Delta Attention: Fast and Accurate Sparse Attention Inference by Delta Correction (2505.11254v1)

Abstract: The attention mechanism of a transformer has a quadratic complexity, leading to high inference costs and latency for long sequences. However, attention matrices are mostly sparse, which implies that many entries may be omitted from computation for efficient inference. Sparse attention inference methods aim to reduce this computational burden; however, they also come with a troublesome performance degradation. We discover that one reason for this degradation is that the sparse calculation induces a distributional shift in the attention outputs. The distributional shift causes decoding-time queries to fail to align well with the appropriate keys from the prefill stage, leading to a drop in performance. We propose a simple, novel, and effective procedure for correcting this distributional shift, bringing the distribution of sparse attention outputs closer to that of quadratic attention. Our method can be applied on top of any sparse attention method, and results in an average 36%pt performance increase, recovering 88% of quadratic attention accuracy on the 131K RULER benchmark when applied on top of sliding window attention with sink tokens while only adding a small overhead. Our method can maintain approximately 98.5% sparsity over full quadratic attention, making our model 32 times faster than Flash Attention 2 when processing 1M token prefills.

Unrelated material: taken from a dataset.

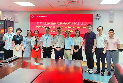 6月27日下午,美国耶鲁大学伦理学专家Kaveh Knoshnood教授来访中南大学湘雅三医院。医院党委书记何庆南在外科楼19楼会议室亲切会见来宾,国际合作与交流办牵头组织了主题为“国际多中心科学研究的伦理要素”的学术交流专场讨论会。医院伦理委员会副主任委员袁洪教授,伦理委员会办公室、研究生部、教务部、科研部、护理部等相关职能部门主任和副主任,以及项目PI代表、伦理委员会委员、教研室老师代表、研究生代表等40余人参会。交流会由国合办主任刘新春主持。

Overview of $\mathbf{\Delta}$ Attention: Addressing Distributional Shift in Sparse Attention Mechanisms

The paper, "$\mathbf{\Delta}$ Attention: Fast and Accurate Sparse Attention Inference by Delta Correction," presents a novel approach targeting the inefficiencies observed in sparse attention mechanisms within transformer models. Specifically, the authors highlight the quadratic complexity involved in the computation of the attention matrix—an inherent challenge when dealing with long sequences. Sparse attention methods aim to mitigate this complexity, yet they are often accompanied by significant performance degradation due to distributional shifts in attention outputs.

Key Contributions

The authors make several vital contributions to understand and mitigate the effects of sparse attention inference:

1. Identification of Distributional Shift: Sparse attention calculations lead to a shift in attention outputs' distributions, impacting the query-key alignment during decoding. This misalignment results in decreased performance, particularly evident in long-context scenarios.
2. Development of $\mathbf{\Delta}$ Attention: A simple post-processing technique that corrects for the distributional shift, aligning sparse attention outputs closer to those observed in quadratic attention matrices. The $\mathbf{\Delta}$ Attention method is versatile and can be applied to existing sparse attention kernels, enhancing the performance without substantial computation overhead.
3. Significant Performance Improvement: When applied to various sparse attention methods, $\mathbf{\Delta}$ Attention achieves an average performance increase of 36 percentage points, recovering 88% of quadratic attention’s accuracy on long-context benchmarks like the 131K RULER, while maintaining high sparsity and reducing latency substantially compared to conventional methods.

Evaluation and Results

The evaluation was conducted using metrics such as perplexity (PPL), LongPPL, and accuracy on several challenging benchmarks including PG19 and RULER. The authors demonstrate that $\mathbf{\Delta}$ Attention consistently improves performance across these metrics:

• Perplexity Metrics: On the PG19 Long QA dataset, $\mathbf{\Delta}$ Attention effectively lowers both PPL and LongPPL compared to baseline sparse methods, indicating better language understanding and sequence prediction capabilities.
• RULER Benchmark: Across tasks involving long-context understanding, $\mathbf{\Delta}$ Attention shows superior accuracy, particularly at 131K context length. The method improves the sparse methods' capability to recall context, closing the gap significantly with full attention methods.

Implications and Future Work

The findings suggest that distributional shifts are a critical factor in the performance degradation seen in sparse attention methods. By correcting for these shifts, the paper positions $\mathbf{\Delta}$ Attention as a crucial improvement for inference efficiency and performance stability over long contexts. Looking ahead, the approach paves the way for:

• Enhanced Sparse Models: Incorporating distributional correction techniques in sparse attention frameworks could herald new architectures capable of handling extremely long sequences without sacrificing depth and accuracy.
• Broader Application: Beyond transformers, the principles outlined could inspire similar enhancements in other models reliant on attention mechanisms, broadening their efficacy in complex tasks.

Overall, the paper offers a significant advancement in efficiently handling sparse attention matrices, promising reduced computational costs and improved model reliability for extensive text sequences—valuable for those seeking scalability in AI applications.